Word spread about Jennie's mission, and Frances Willard asked Jennie to be the founder of the WCTU's National Flower Mission.  Her National and Annual Flower Mission Day, an event on her birthday which resulted in flowers in the cells of prisoners throughout the country, continued even after Jennie's death on February 8, 1893.

In addition, Jennie organized the Shut-In Band, a community of people who, like her, were invalids, and provided a way for them to communicate through the periodical Open Window

She also supported the Louisville Training School for Nurses and the Rest Cottage "for tired girls and women who have to support themselves" (161), and established a Louisville chapter of the Order of King's Daughters (Duncan, 43). 

Sarah Doan La Fetra (2).jpg

LA FETRA, Mrs.

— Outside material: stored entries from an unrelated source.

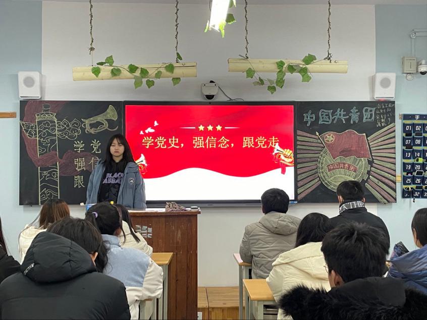 此次活动由各班团支书带领大家学习。首先,各班团支书带领大家系统地学习了党的光辉历史,从嘉兴南湖的红船到南昌的第一声枪响,从瑞金的星星之火到井冈山的铮铮青松,使同学们深刻感悟中国共产党的初心和使命。然后,团支书带领大家一同观看国史讲堂党史系列短视频,深入了解了红船精神、长征精神的丰富内涵。最后,各班团支书邀请同学们上台讲述党史学习的感悟,同学们纷纷表示“明镜所以照形,古事所以知今。”历史事过去的现实,现实事未来的历史,学习党史是为了更好地走向未来。只有对党的历史有深刻了解,我们才能更好地做好今天的工作,承担起明天的责任。
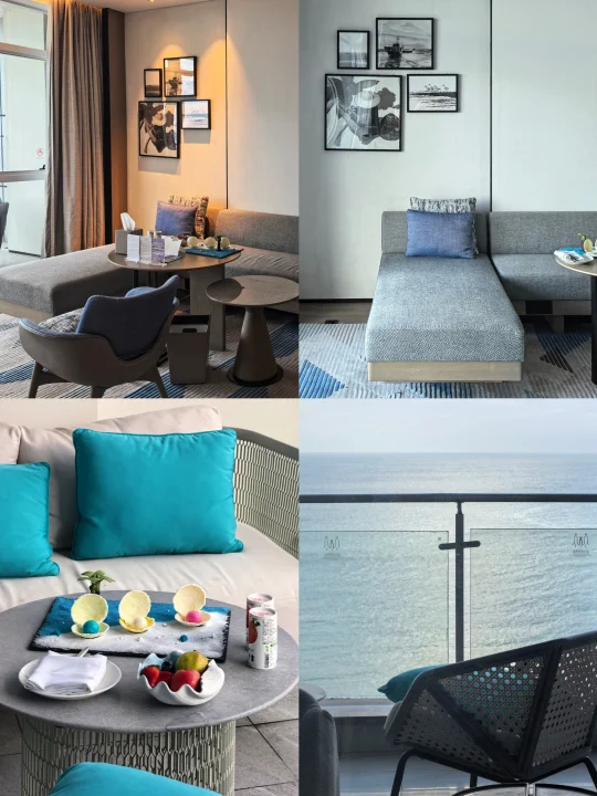 这家酒店总共来过两次,第一次国庆假期去的,这家节假日切记用积分预定,不到2w分对比当时房价接近3k性价比拉满。当天完全满房,前台还是想给我升级,就问我介不介意带儿童装饰的房间,最后给升级了海景亲子房。
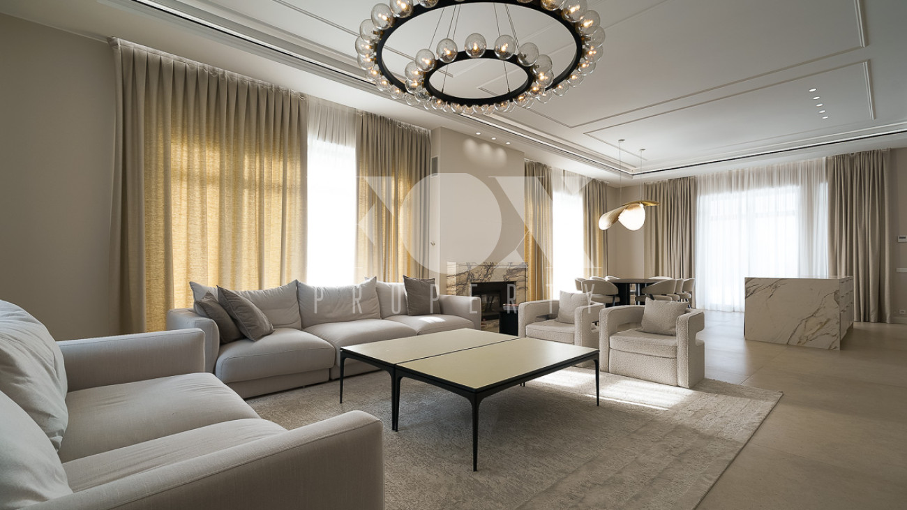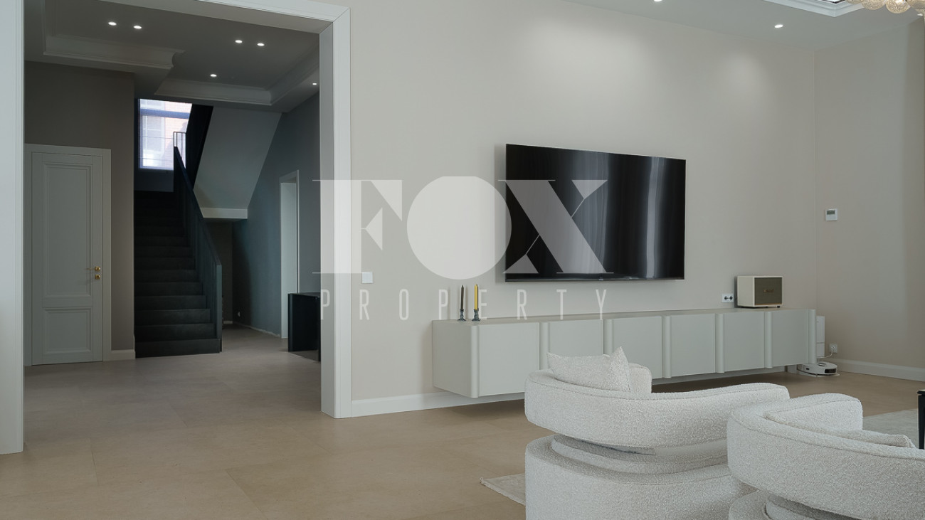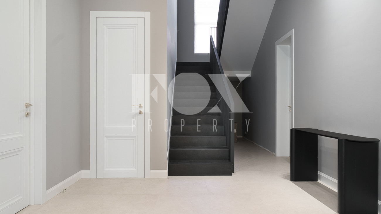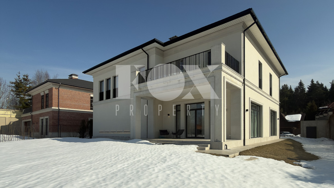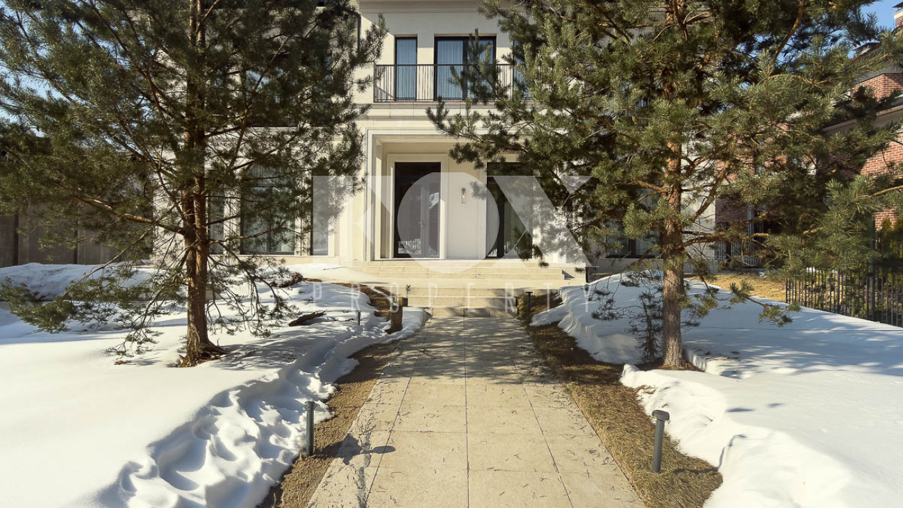 В доме предусмотрены: 4 спальни, 3 из которых со своими санузлами и гардеробными, кабинет, который так же можно переоборудовать в спальню, сауна, постирочная, блок для персонала с отдельным входом, гостиная, кухня, столовая, терраса. В собственности участок 12 соток, по факту 22 сотки. Поселок находится на Рублево-Успенском шоссе в 6 километрах от МКАД, рядом есть вся необходимая инфраструктура: школа, детский сад, фитнес центр, рестораны, кафе, магазины и парки.
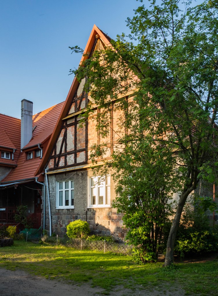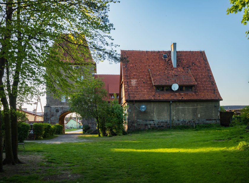 Popołudniowe słońce sprzyja powolnemu spacerowi po wsi. Ten jest dość krótki bo też wiele do zobaczenia nie ma, jednak to co jest sprawia bardzo urokliwe wrażenie. Domy sprzed 100 i więcej lat trzymają się mocno (poza kilkoma wyjątkami), w niektórych można rozpoznać dawny sklep kolonialny (pani Brauer), czworak dziś służący za Salę Wiejską czy gmach poczty. Ciepłe światło pięknie tu pasuje.
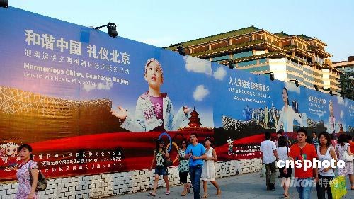 7月6日,北京西单街头奥运宣传画格外引人注目。随着奥运会临近,北京大街小巷的奥运气息越来越浓。 中新社发 张爱东 摄
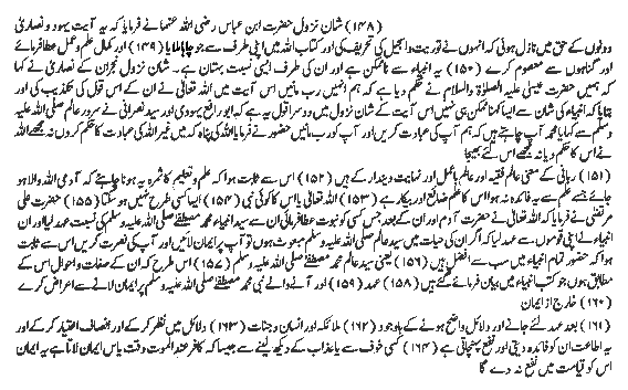 | اور یاد کرو جب اللہ نے پیغمبروں سے ان کا عہد لیا جو میں تم کو کتاب اور حکمت دوں پھر تشریف لائے تمہارے پاس وہ رسول کہ تمہاری کتابوں کی تصدیق فرمائے تو تم ضرور ضرور اس پر ایمان لانا اور ضرور ضرور اس کی مدد کرنا، فرمایا کیوں تم نے اقرار کیا اور اس پر میرا بھاری ذمہ لیا؟ سب نے عرض کی، ہم نے اقرار کیا، فرمایا تو ایک دوسرے پر گواہ ہوجاؤ اور میں آپ تمہارے ساتھ گواہوں میں ہوں | ۸۱ |
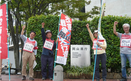 改憲・戦争阻止!大行進・岡山 天皇被災地訪問に反対 倉敷・岡山で申し入れと街宣
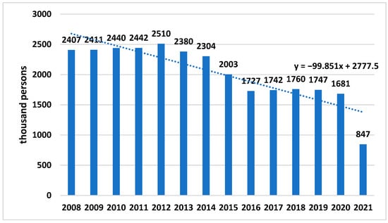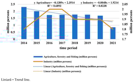 According to statistical data, for the period of 2014–2022, Romania’s employed population is on average 8.41 million people, of which 55.8% (4.689 million people) represent the urban population, and 44.2% (3.721 million people) represent the rural population. Agriculture, forestry and fishing represent on average 20.7% (1.762 million persons) of the total employed population, with the distribution by residence being 8.7% in urban and 91.3% in rural areas (Table 6).
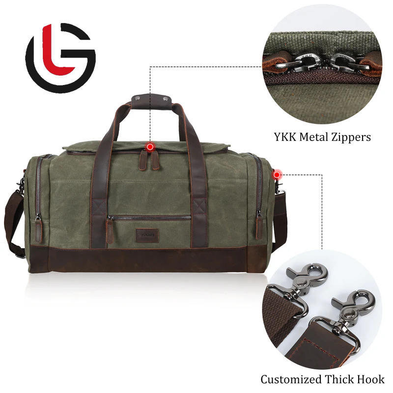 OEM Genuine Leather Trip Travel Bag 3 Compartment Front Pocket Waxed Cotton Light Weight Canvas Waterproof Shoe Compartment for
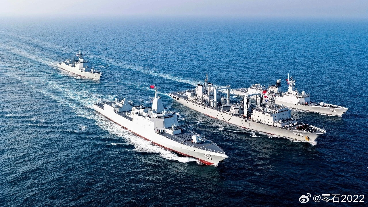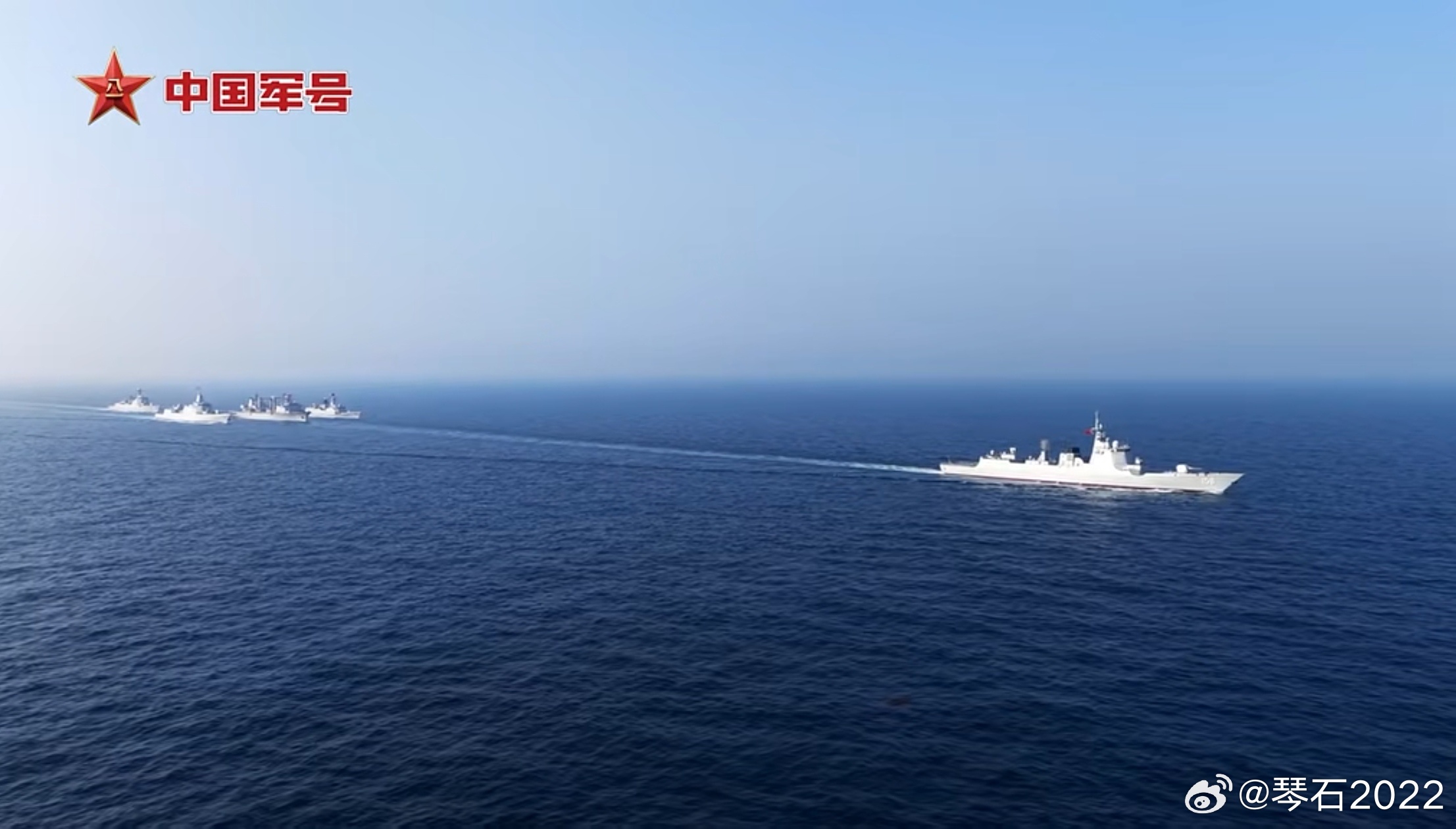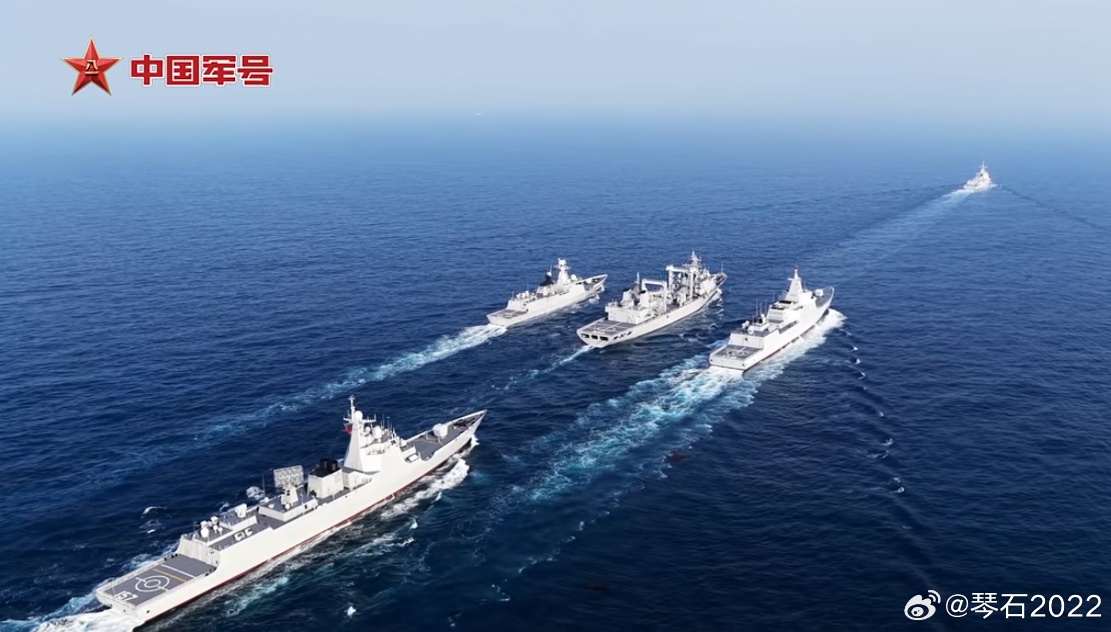 前面还有1艘打伞不仅仅两横一纵,前面还有一艘防空舰负责打伞。中国海军力量烽火问鼎

Sarah Doan

June 11, 1843

temperance worker

Sabina, OH

p. 443

Sarah Doan La Fetra was born in Sabina, Ohio, on June 11, 1843.  After attending Alfred Holbrook's National Normal School in Ledyard, Ohio.  Sarah was a teacher until her marriage to George H. La Fetra on October 6, 1867.  

The La Fetra family moved to Washington, D.C., where they became members of the Metropolitan Methodist Episcopal Church, and Sarah became very active in both mission and temperance activities.  She was an early member of the Woman's Christian Temperance Union of Washington, D.C., serving as its treasurer in 1881 and as its president by 1885.   According to A Woman of the Century, Sarah was manager of "a temperance hotel and cafe in the very heart of the city of Washington for many years" (443).  The Washington Times notes that this was Temple Cafe on F. Street, and she later managed the Hotel Fredonia on I Street. In 1894, Sarah opened Hotel La Fetra on Eleventh and G Street (Streets of Washington). Sarah was still president on February 19, 1895, when she was asked to join Frances Willard and other world and national leaders of the W.C.T.U. in presenting a polyglot petition for prohibiting "drink traffic and the opium trade" to President Cleveland at the White House (Washington Herald, November 15, 1914).  In October of that year, she was named Superintendent of the new "Department of Christian Citizenship" at the World W.C.T.U.'s meeting in London.  In the  Ocala Evening Star of October 30, 1895, Sarah gave a detailed definition of the "Christian citizenship" she wished to promote.

Also very active in missionary work, by the first decade of the twentieth century, Sarah was a leader in the Woman's Interdenominational Mission Union. On April 4, 1912, the Baltimore branch of the Woman's Foreign Missionary Association announced plans to build the Sarah Doane La Fetra Home in Bidar, India.  This mission home was named to honor Sarah, the organization's vice president (Washington Herald, April 4, 1912).

The Evening Star included a lengthy article about Mr. and Mrs. La Fetra's fiftieth wedding anniversary party, which was held on October 6, 1917. In addition to mentioning Sarah's leadership in the W.C.T.U., it noted that she "was also an originator of the work for fallen women in Washington, and has for many years been an active worker for the Hope and Help Mission, which was started by the W.C.T.U."  According to the article, among those praising Sarah's work was Rosetta Lawson, "organizer of the national W.C.T.U. for colored people."

Sarah passed away on May 7, 1919.  In addition to being remembered at her funeral, the W.C.T.U. honored Sarah at a memorial service.  While she was no longer living, Sarah was not forgotten.  According to the Evening Star of November 30, 1922, Sarah was nominated to be one of "twenty-five great women who have achieved for this community before their deaths" whose names were to be on a column of the new Temple of Womanhood  building of the Women's Universal Alliance.